Comment 16 Michel Dänzer 2008-01-17 03:15:33 UTC
(In reply to comment #15)

It requires xserver master.
Comment 17 Timo Aaltonen 2008-01-18 00:52:23 UTC
When I compiled libdrm, mesa, xserver master and batchbuffer against them, loading intel_dri.so fails with unknown symbols (intelddx_bufmgr_ttm_init). So I'll just wait until things have settled down a bit.
Comment 18 Clemens Eisserer 2008-01-18 07:14:01 UTC
I also experience that slowness on my Laptop which has a 945GM - EXA feels a lot slower than XAA even without an composition manager.
Re-Sizing windows, scrolling in FireFox and other 2D operations have become noticeable slower - althout even XAA does spend a lot of time in software-rendering-loops.

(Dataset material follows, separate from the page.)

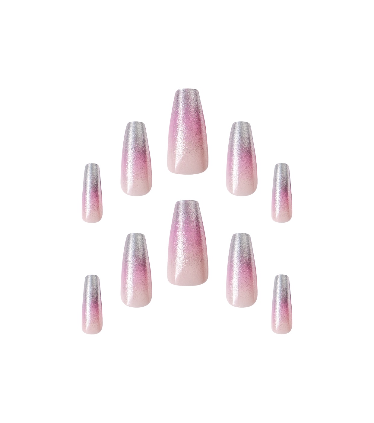 Con un precioso degradado de purpurina cromada plateada sobre un lavado de lila, esta manicura multitono da un aire futurista listo para la temporada de festivales.
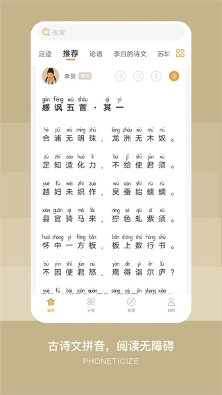 古文岛为广大用户准备了丰富海量的古诗词内容以及各类学习资料。用户在该平台上,只需轻松一键,就能开启搜索之旅。同时,平台还支持古诗词原文的线上朗读功能,并且提供详细的拼音注释,方便用户学习。若您对此感兴趣,不妨在本站的软件中体验一番。

Can I expect the intel-batchbuffer branch to be faster on the 945GM, or is this only targeted for 965+? 
Comment 19 Michel Dänzer 2008-01-18 07:26:45 UTC
(In reply to comment #18)
> EXA feels a lot slower than XAA even without an composition manager.

Note that EXA is designed for use with a compositing manager and generally works better than XAA with one.
Comment 20 Clemens Eisserer 2008-01-18 13:45:34 UTC
> Note that EXA is designed for use with a compositing manager and generally
> works better than XAA with one.

Yes, sure - but this should not impose that very common applications should run slower without a composition manager (furthermore a composition manager adds overhead also with EXA - so if its slow without one its even a bit slower with a composition manager running, right?).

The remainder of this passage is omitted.